(DATA FOR THIS TASK)

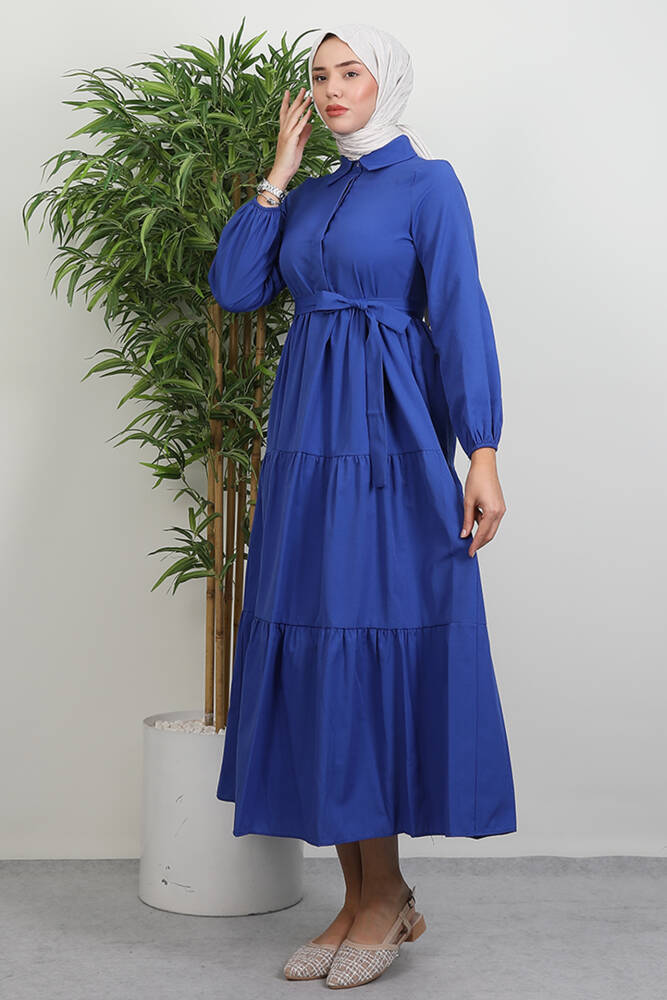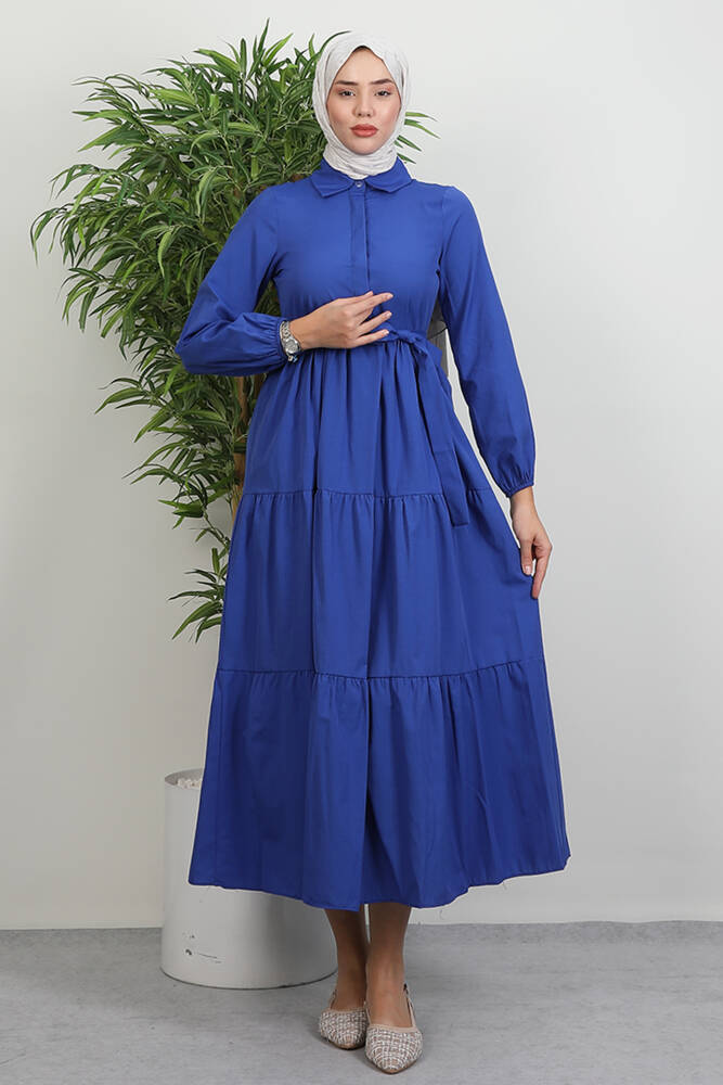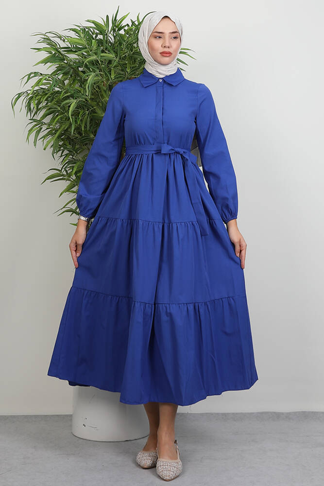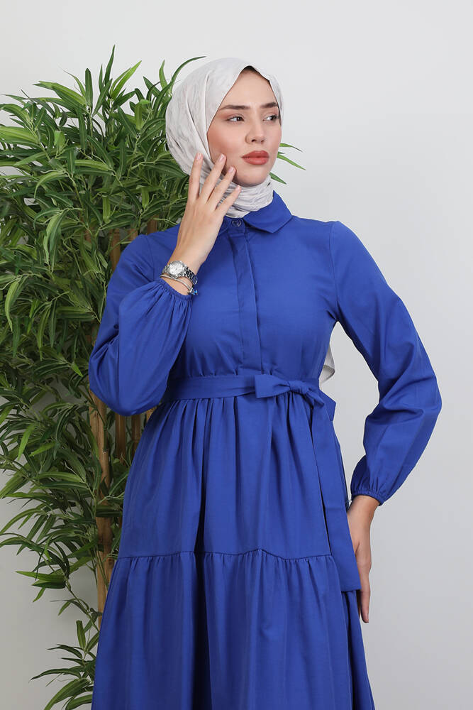 Standart Yaka Düğmeli Elbise Lacivert
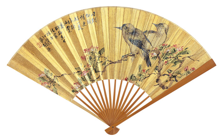 泥金纸本 成扇 钤印:廒公 吴观岱 款识:(正面)师梅先生法家指正,汀鹭弟胡振。 (反面)师梅先生方家指诲,弟观岱。
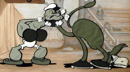 No, this isn’t a frame from the forthcoming digital restoration of the Max Fleischer Popeye cartoons. It’s an actual production cel and background from Let’s You and Him Fight (1934).
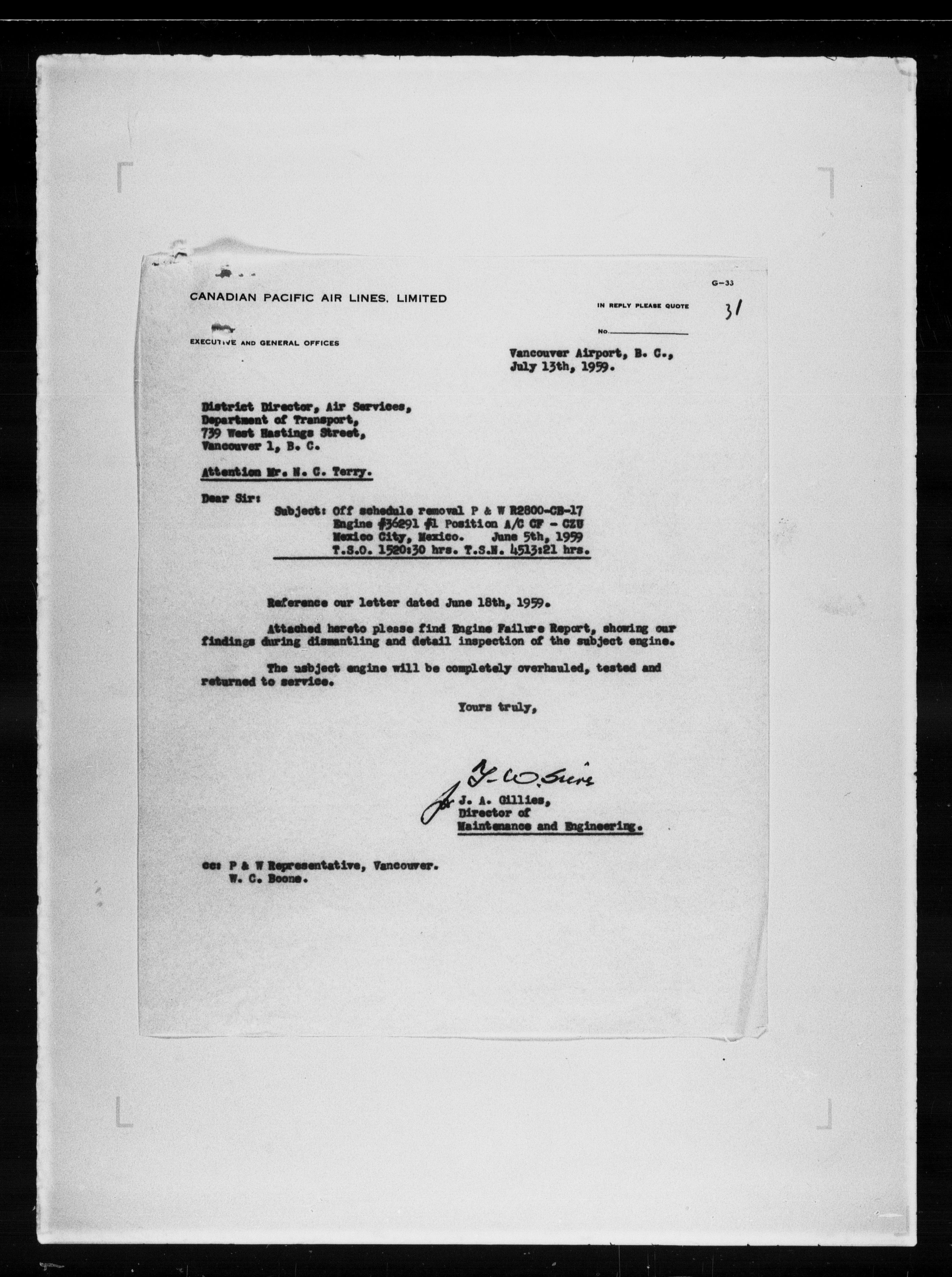 Department of Transport : Civil aircraft registration, inspection and operation files, 1920-1986 : T-7987
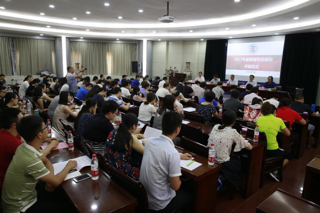 7月19日,我院2017年暑期辅导员培训开班仪式在水韵楼二楼报告厅举办。党委书记赵曼出席培训班开班仪式并作首场专题报告。人事处处长拜存有、党委学工部,学生处、团委、书画艺术中心主要负责人,分院党总支书记、学工办主任和全体辅导员等100余人参加了开班仪式。
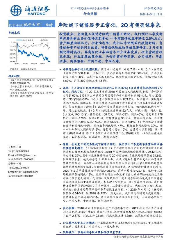 【海通证券】【20200412】寿险线下销售逐步正常化,2Q有望否极泰来-9页

(End DATA FOR THIS TASK)

ASSIGNMENT:
Everything in the material above should be reproduced exactly, except the pictures.

ANSWER SECTION:
 Standart Yaka Düğmeli Elbise Lacivert
 泥金纸本 成扇 钤印:廒公 吴观岱 款识:(正面)师梅先生法家指正,汀鹭弟胡振。 (反面)师梅先生方家指诲,弟观岱。
 No, this isn’t a frame from the forthcoming digital restoration of the Max Fleischer Popeye cartoons. It’s an actual production cel and background from Let’s You and Him Fight (1934).
 Department of Transport : Civil aircraft registration, inspection and operation files, 1920-1986 : T-7987
 7月19日,我院2017年暑期辅导员培训开班仪式在水韵楼二楼报告厅举办。党委书记赵曼出席培训班开班仪式并作首场专题报告。人事处处长拜存有、党委学工部,学生处、团委、书画艺术中心主要负责人,分院党总支书记、学工办主任和全体辅导员等100余人参加了开班仪式。
 【海通证券】【20200412】寿险线下销售逐步正常化,2Q有望否极泰来-9页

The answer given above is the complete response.